WORK TASK
The answer must be an exact copy of the lines from the one containing "同样关于自闭症的影视作品并不" through the last line of the records, with no pictures.
******
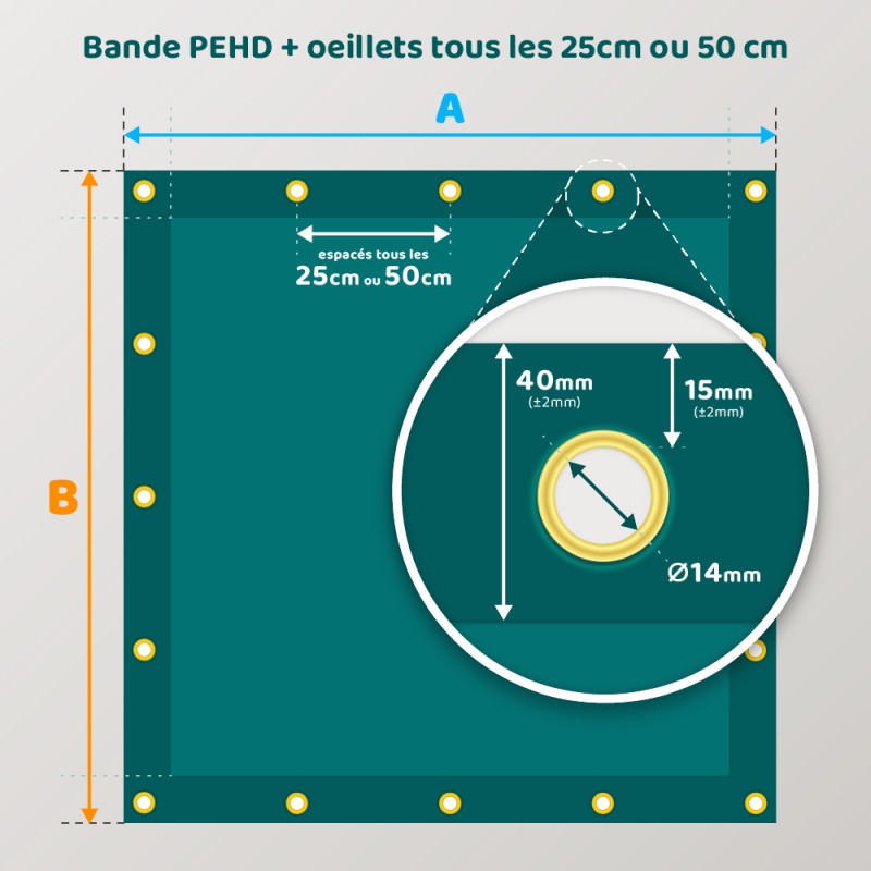 Ce modèle de filet est fabriqué sur mesure dans des ateliers en France, il est réalisé en polyéthylène blanc, très robuste, imputrescible et traité anti UV, destiné à une utilisation extérieure.
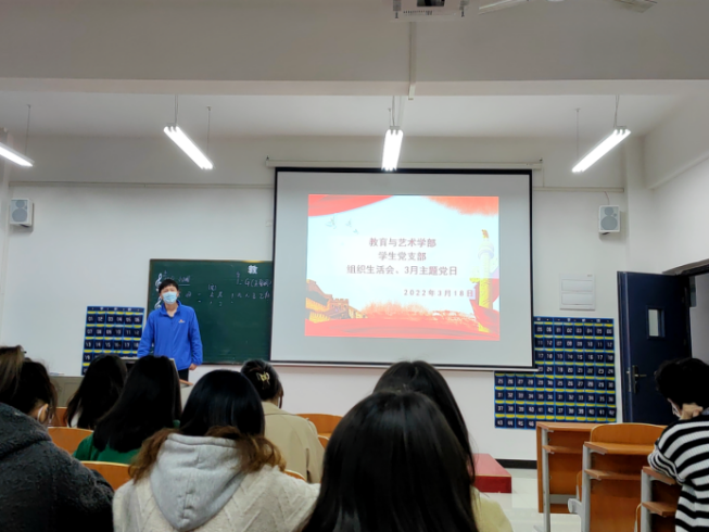202231818:15,教育与艺术学生党支部在实验楼1-403召开2021年组织生活会。会议由学生党支部书记尹誉霖主持,学生党员共计65名参加了线下会议。
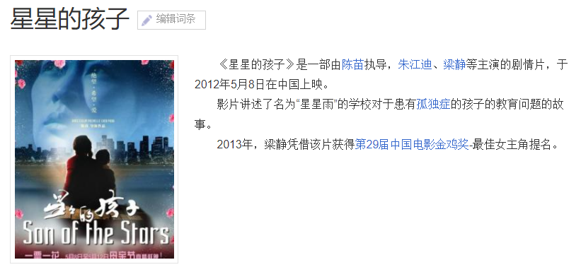 同样关于自闭症的影视作品并不罕见,在2012年5月份我国就上映过一部电影,《星星的孩子》,这部电影的女主角还获得了二十九届中国电影金鸡奖。
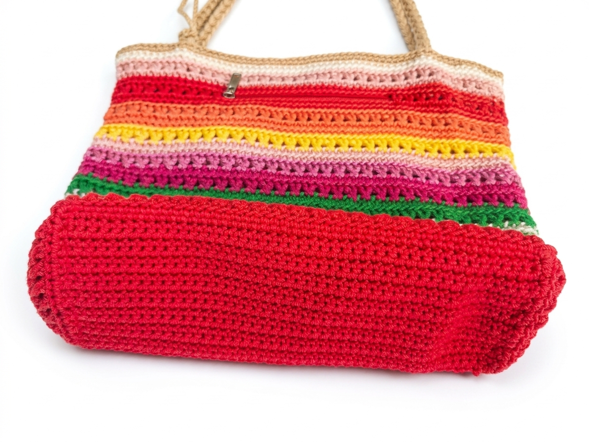 Durable Bottom: The base of the bag is crafted with a dense, solid red crochet stitch, ensuring it holds its shape and stands up to daily wear.
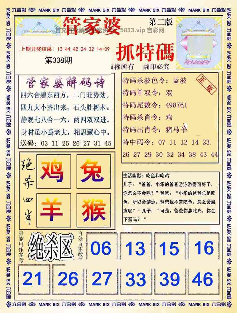 | 338期:家野两肖【野兽+猪鸡】开:發00准 |
******
ANSWER TO THE PROBLEM
 同样关于自闭症的影视作品并不罕见,在2012年5月份我国就上映过一部电影,《星星的孩子》,这部电影的女主角还获得了二十九届中国电影金鸡奖。
 Durable Bottom: The base of the bag is crafted with a dense, solid red crochet stitch, ensuring it holds its shape and stands up to daily wear.
 | 338期:家野两肖【野兽+猪鸡】开:發00准 |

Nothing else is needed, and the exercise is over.